Третья глава знакомит нас с внутреннею жизнью комендантского домика и со всеми главными обитателями Белогорской крепости — одной из тех наивных, совсем не страшных «фортеций», на которые пали первые удары Пугачева. Эта глава насквозь пропитана комично-патриархальною служебною идиллией и является как бы ироническим ответом на ожидание старого Гринева относительно плодотворности суровой военной службы на окраине государства. Вместо нее мы видим какую-то безобидно-кукольную игру престарелого капитана Миронова в солдатики и никем не оспариваемое бабье управление крепостью, захваченное в свои руки энергичною Бавкидою этого Филемона. Белогорская фортеция, с ее мизерным гарнизоном, состоящим из никуда не годных инвалидов, и с ее плутоватыми, мятежными казаками, уж, конечно, не могла дать отпора пугачевскому мятежу. Она могла противопоставить ему лишь героизм отдельных личностей и их нелицемерную верность долгу даже до смерти, и только, но вот этот-то героизм и имел впоследствии на молодого Гринева то великое воспитательное влияние, которого добивался старый Гринев для своего сына.

Первые три главы составляют как бы отрывочный характер. Значение каждого слова, каждой подробности первых трех глав выясняется лишь мало-помалу из дальнейших глав.

Четвертая и пятая главы («Поединок» и «Любовь») составляют отдельную, в себе замкнутую часть романа — рассказ о сближении Гринева с Марьей Ивановной, о зависти и ревности Швабрина, о дуэли из-за капитанской дочки, о сватовстве Гринева, о несогласии Андрея Петровича на задуманный сыном брак и о других, по-видимому, непреодолимых препятствиях к благополучной развязке романа двух молодых людей.
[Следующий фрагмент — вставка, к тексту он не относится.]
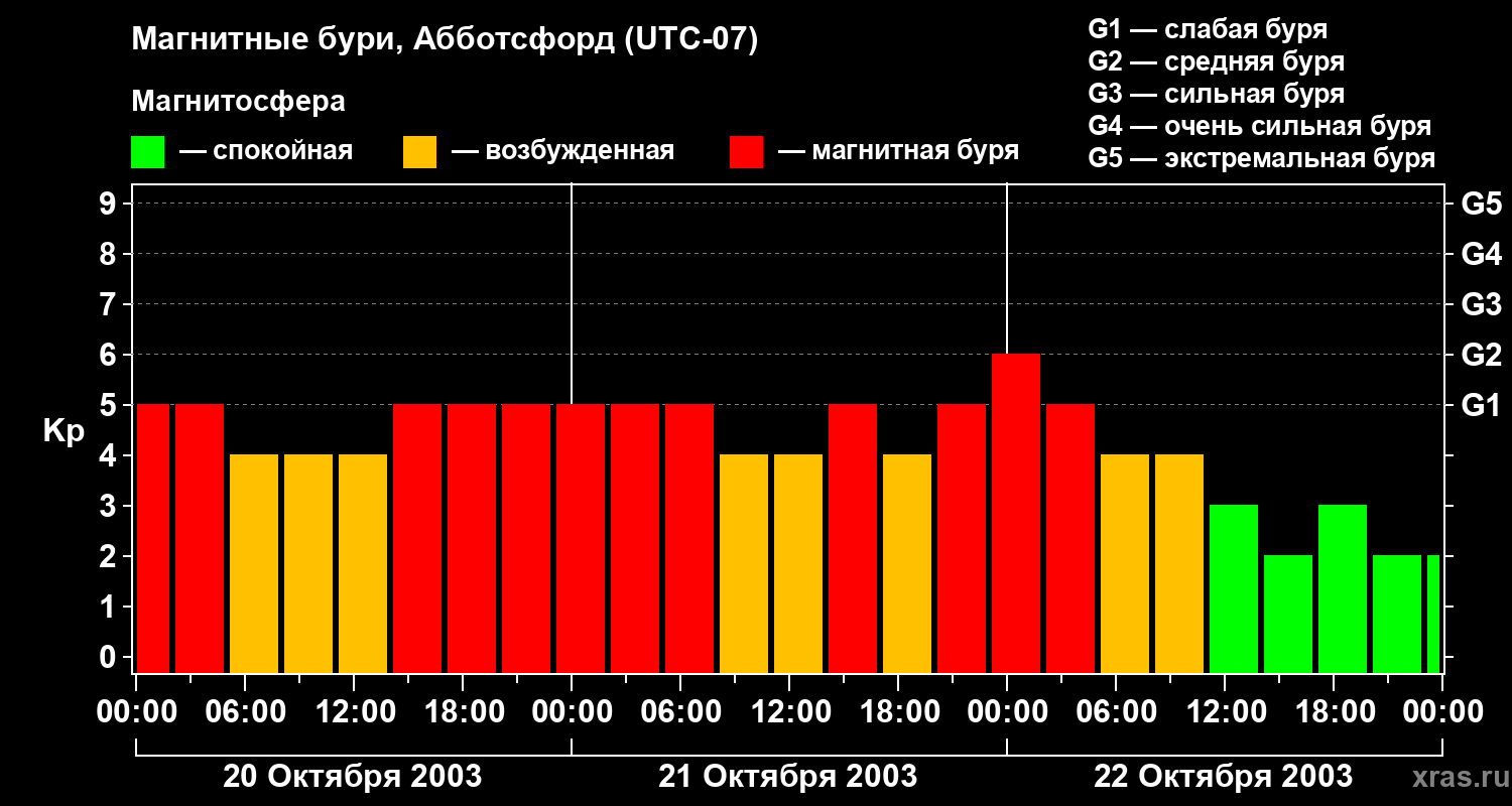 Магнитные бури в Абботсфорде — 22 октября 2003 года

Из этих глав мы уже хорошо узнаем и возвышенную, любящую натуру Марьи Ивановны, и низкий нрав Швабрина, и благородный, пылкий нрав молодого Гринева. Тут же, попутно, дорисовывается своеобразный быт старосветских обитателей Белогорской крепости, причем каждая мелочь повествования носит отпечаток гениальности. Простодушные и грубоватые, но, в сущности, верные и меткие рассуждения Ивана Игнатьича о поединках, расправа Василисы Егоровны с провинившимися офицерами, любовные стишки Гринева в тредияковском стиле, письмо его отца к Савельичу и простодушный ответ последнего — все это верх совершенства по глубокому пониманию действительности, по колоритности языка и по светлому, чисто пушкинскому юмору. Превосходны также и все те сцены, в которых участвует Марья Ивановна. Все ее слова и действия так и дышат чарующею прелестью непорочной души.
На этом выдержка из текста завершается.